> _WHAT YOU WILL DO_: Reproduce, unchanged, the lines between the one holding "Hemd des Labels" and the last line of the records, including both ends, but no pictures.

------ RECORDS FOR THE TASK ------

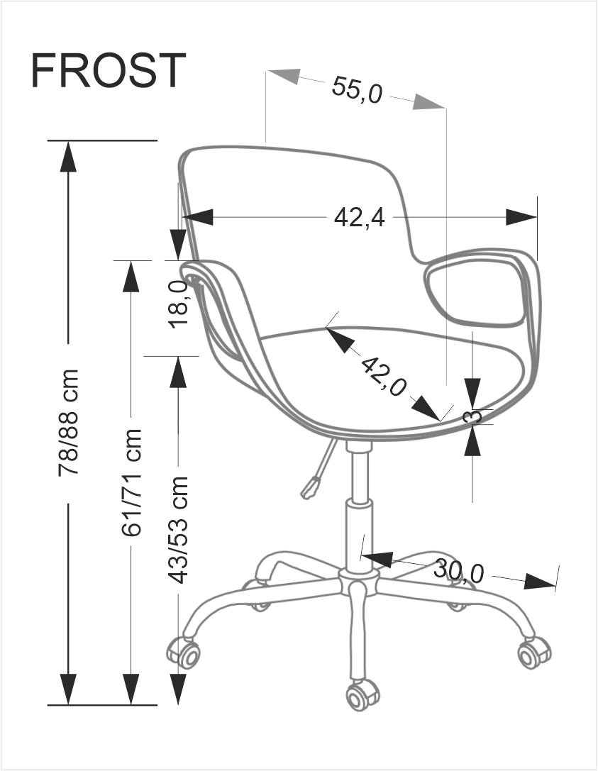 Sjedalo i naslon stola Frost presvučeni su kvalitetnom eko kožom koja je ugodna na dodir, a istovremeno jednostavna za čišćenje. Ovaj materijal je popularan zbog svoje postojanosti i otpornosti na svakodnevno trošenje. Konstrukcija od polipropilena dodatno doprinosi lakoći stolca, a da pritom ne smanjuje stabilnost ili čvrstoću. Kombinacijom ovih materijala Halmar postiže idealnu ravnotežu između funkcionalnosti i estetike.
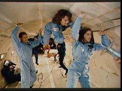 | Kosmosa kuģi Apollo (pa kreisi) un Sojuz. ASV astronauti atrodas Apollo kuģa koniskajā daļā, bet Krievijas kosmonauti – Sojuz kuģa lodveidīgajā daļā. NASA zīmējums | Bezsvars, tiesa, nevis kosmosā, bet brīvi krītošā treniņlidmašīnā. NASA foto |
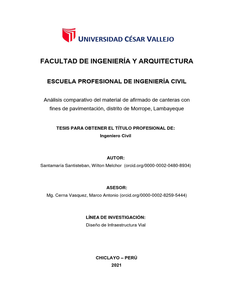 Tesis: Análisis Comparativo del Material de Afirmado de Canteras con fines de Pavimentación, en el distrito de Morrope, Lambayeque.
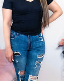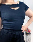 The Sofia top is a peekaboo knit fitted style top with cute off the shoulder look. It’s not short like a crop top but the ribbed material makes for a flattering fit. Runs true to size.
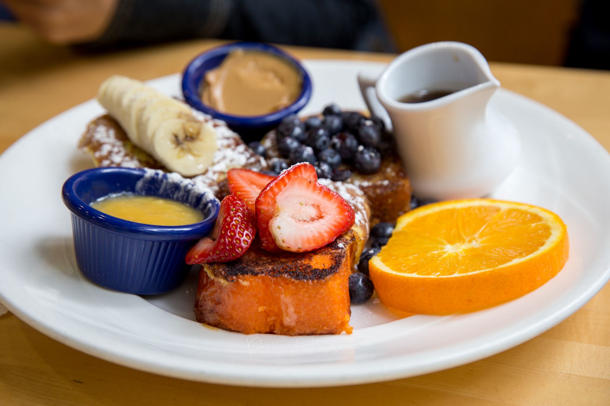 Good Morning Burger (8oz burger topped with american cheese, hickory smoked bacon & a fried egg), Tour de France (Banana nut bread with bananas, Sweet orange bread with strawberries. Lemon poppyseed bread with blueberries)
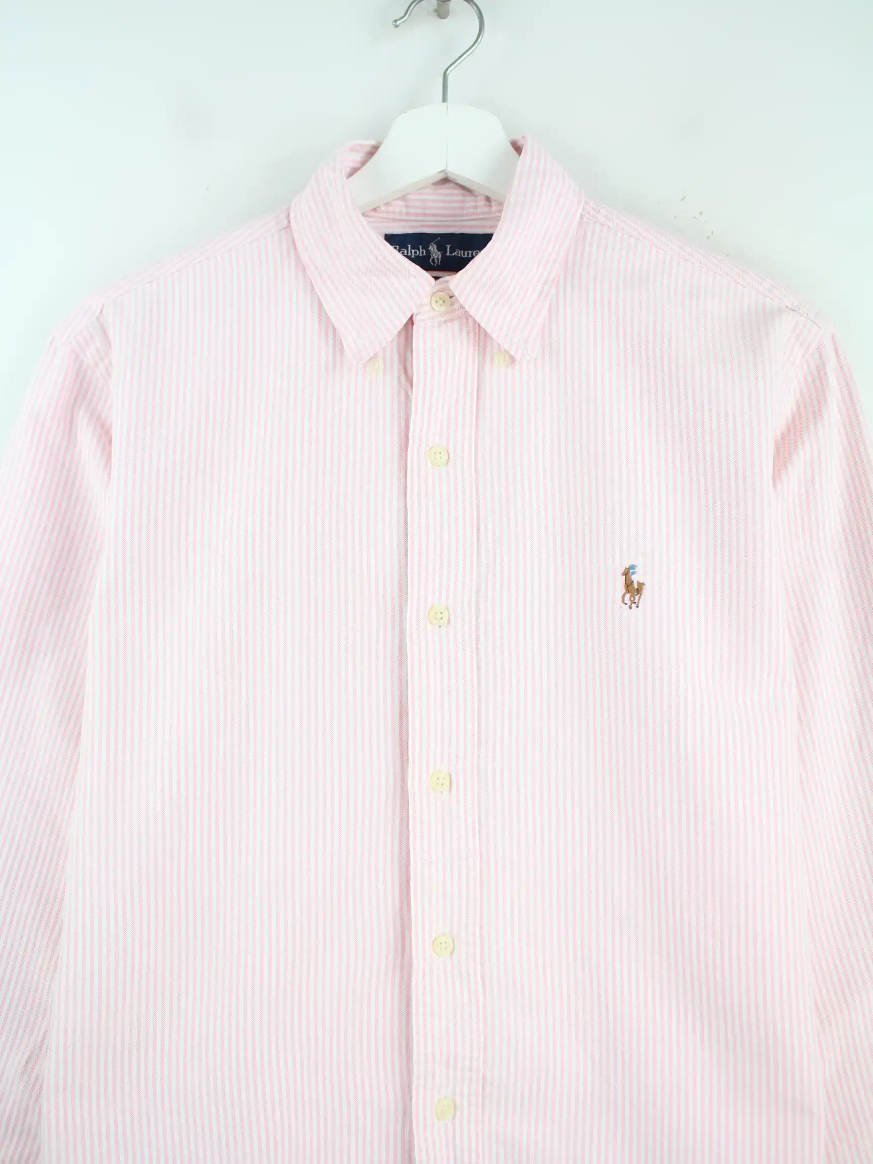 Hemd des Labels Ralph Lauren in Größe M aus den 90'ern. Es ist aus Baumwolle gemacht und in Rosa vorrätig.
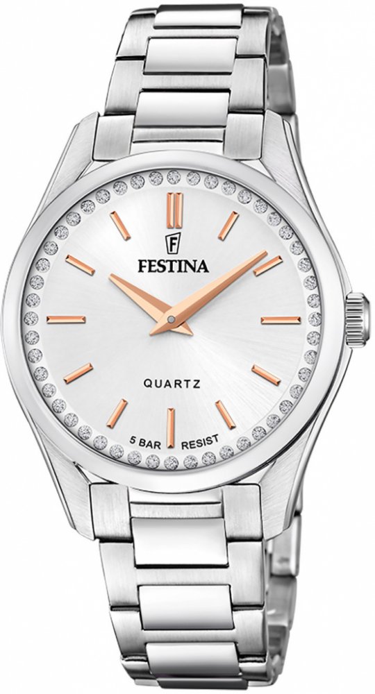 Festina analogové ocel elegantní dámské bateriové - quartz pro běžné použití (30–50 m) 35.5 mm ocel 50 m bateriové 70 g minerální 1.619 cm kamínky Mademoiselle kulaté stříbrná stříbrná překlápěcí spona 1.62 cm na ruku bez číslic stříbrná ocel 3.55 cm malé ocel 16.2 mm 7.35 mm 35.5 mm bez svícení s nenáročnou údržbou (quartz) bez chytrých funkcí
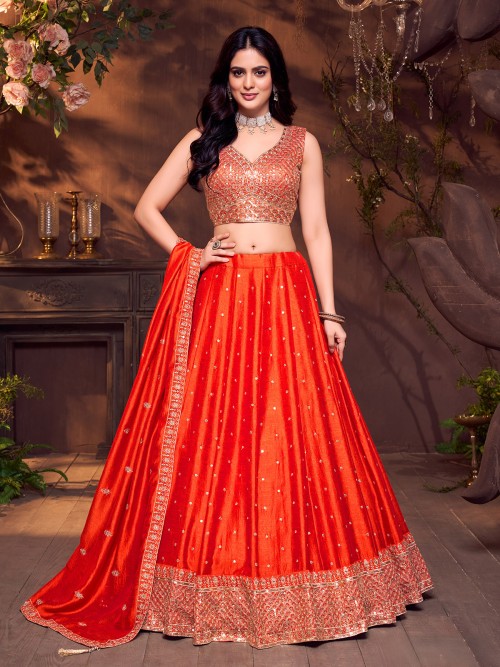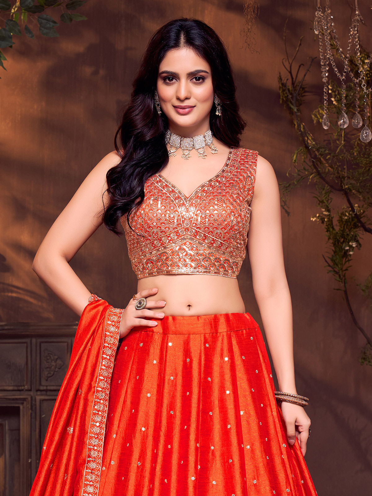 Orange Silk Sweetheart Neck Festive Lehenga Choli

------

> _WRITTEN RESPONSE_:
 Hemd des Labels Ralph Lauren in Größe M aus den 90'ern. Es ist aus Baumwolle gemacht und in Rosa vorrätig.
 Festina analogové ocel elegantní dámské bateriové - quartz pro běžné použití (30–50 m) 35.5 mm ocel 50 m bateriové 70 g minerální 1.619 cm kamínky Mademoiselle kulaté stříbrná stříbrná překlápěcí spona 1.62 cm na ruku bez číslic stříbrná ocel 3.55 cm malé ocel 16.2 mm 7.35 mm 35.5 mm bez svícení s nenáročnou údržbou (quartz) bez chytrých funkcí
 Orange Silk Sweetheart Neck Festive Lehenga Choli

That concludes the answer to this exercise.